20 de fevereiro de 2015

Foi mesmo assim, como estou te dizendo... Fiquei boquiaberta! Ela me contou que a sua vizinha lhe garantiu, assim, por baixo dos panos, que a coisa é séria... Todos da família estão preocupados – foi a amiga da tia dela que confirmou: a menina saiu de casa, durante o carnaval, e nem sequer telefonou para dizer onde ela estava; certamente andando por aí... Deus me livre! A coisa vai embananar, quero só ver! Coitados, também, vivendo daquele jeito, como se o mundo fosse deles, né?... Tenho muita pena, estou rezando pela coitada da mãe, tão sofredora... 

"Rezando pela coitada da mãe"... Uma atitude tão piedosa, tão cheia de boas intenções quanto de palavras jogadas ao vento. É uma doença muito perigosa: falar da vida alheia, passar adiante o que fulano contou do que sicrano disse sobre a vida de beltrano... Espalha-se o fogo ardente do mexerico, que um bom dicionário chama de babado, bisbilhotice, boato, calúnia, detração, disse que disse, enredo, difamação, falatório, fofoca, futrica, fuxico, indiscrição, injúria, intriga, mexericada, tecedura, trica... O que já nos dá uma ideia de quanto seja antiga e alastrada essa prática tão substantivada, que se poderia sintetizar com um só verbete: maledicência.

Muitos não se dão conta de como essa prática está prenhe de desconfiômetro – nos telefonemas informais, nas curtições do Facebook, nos recadinhos do WhatsApp ou nas twitadas do dia a dia.
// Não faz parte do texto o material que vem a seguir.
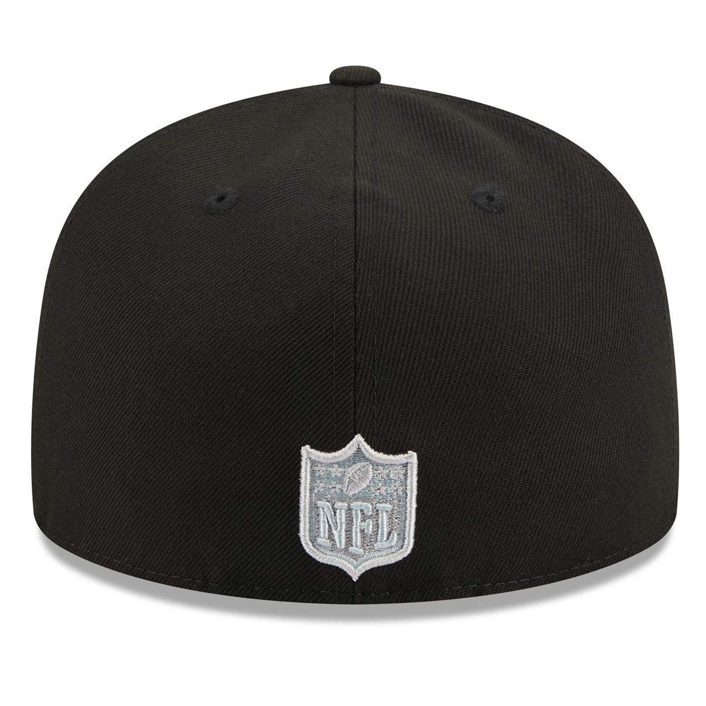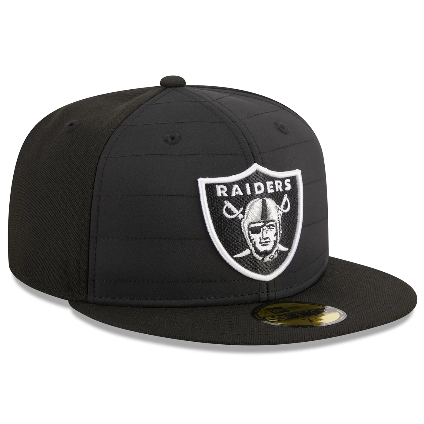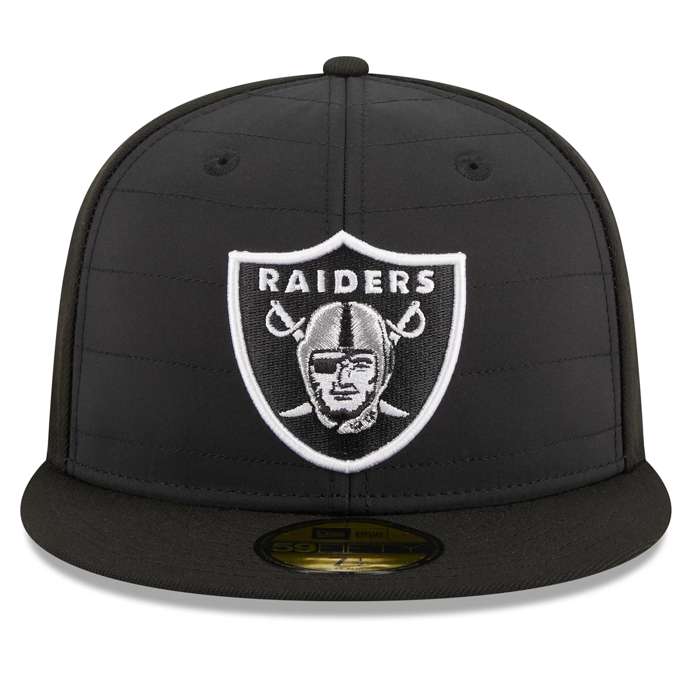 The Raiders New Era 59Fifty Quilted Cap is designed with quilted fabrication across the front panels to provide increased insulation and comfort. This fitted cap features a raised team shield logo embroidered across the front panels and a gray undervisor to complete the look.
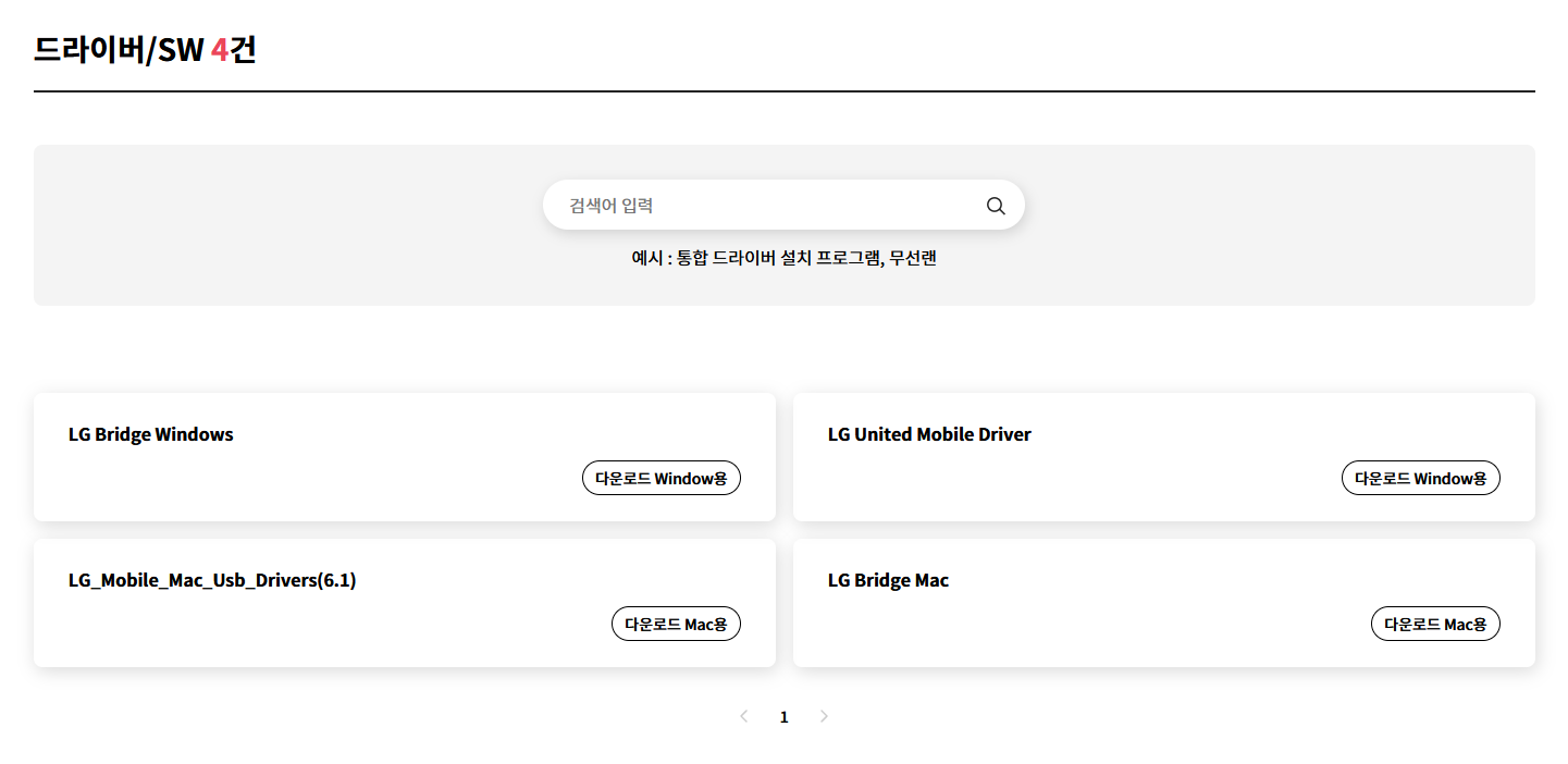 1. 드라이버가 없는 문제 - LG 브릿지 다운로드한 곳에 드라이버가 있습니다. 설치해 보세요.

Chega-se mesmo a pensar que o fuxico é "informação" ou "troca de impressões" bem intencionadas. É assim que se escorrega na ladeira da intriga e do boato, sem calcular o gesto discriminador, sem diferençar o público do privado, sem discernir o lado “do outro” ou “dos outros” atingidos pelo desacerto de uma fala inconsequente.

Para os brasileiros nordestinos, um exemplo foi o “troco” que se deu aos cidadãos paulistas, com gozações, desenhos, piadinhas de mau gosto, logo que a mídia noticiou a falta d´água que eles estão sofrendo, especialmente os tantos pobres que vivem na periferia paulista. Chegou-se até a esquecer a nossa realidade, da secura do sertão, como se a secura de lá fosse diversa da nossa, porque “eles, sim, estão a merecer, pelo que já desdenharam de nós”.

A intriga adquire, portanto, o sabor do revide, da desforra. E foi-se ao brejo a nossa consciência cidadã, empobrecida pelo estreitamento de uma visão aparentada com a maledicência não só na linguagem, mas na leitura dos fatos, na falta de discernimento, ao nos apartar do diferente de nós, generalizando a mesmice de quem não consegue enxergar além de si mesmo, da sua máscara, do seu quintal.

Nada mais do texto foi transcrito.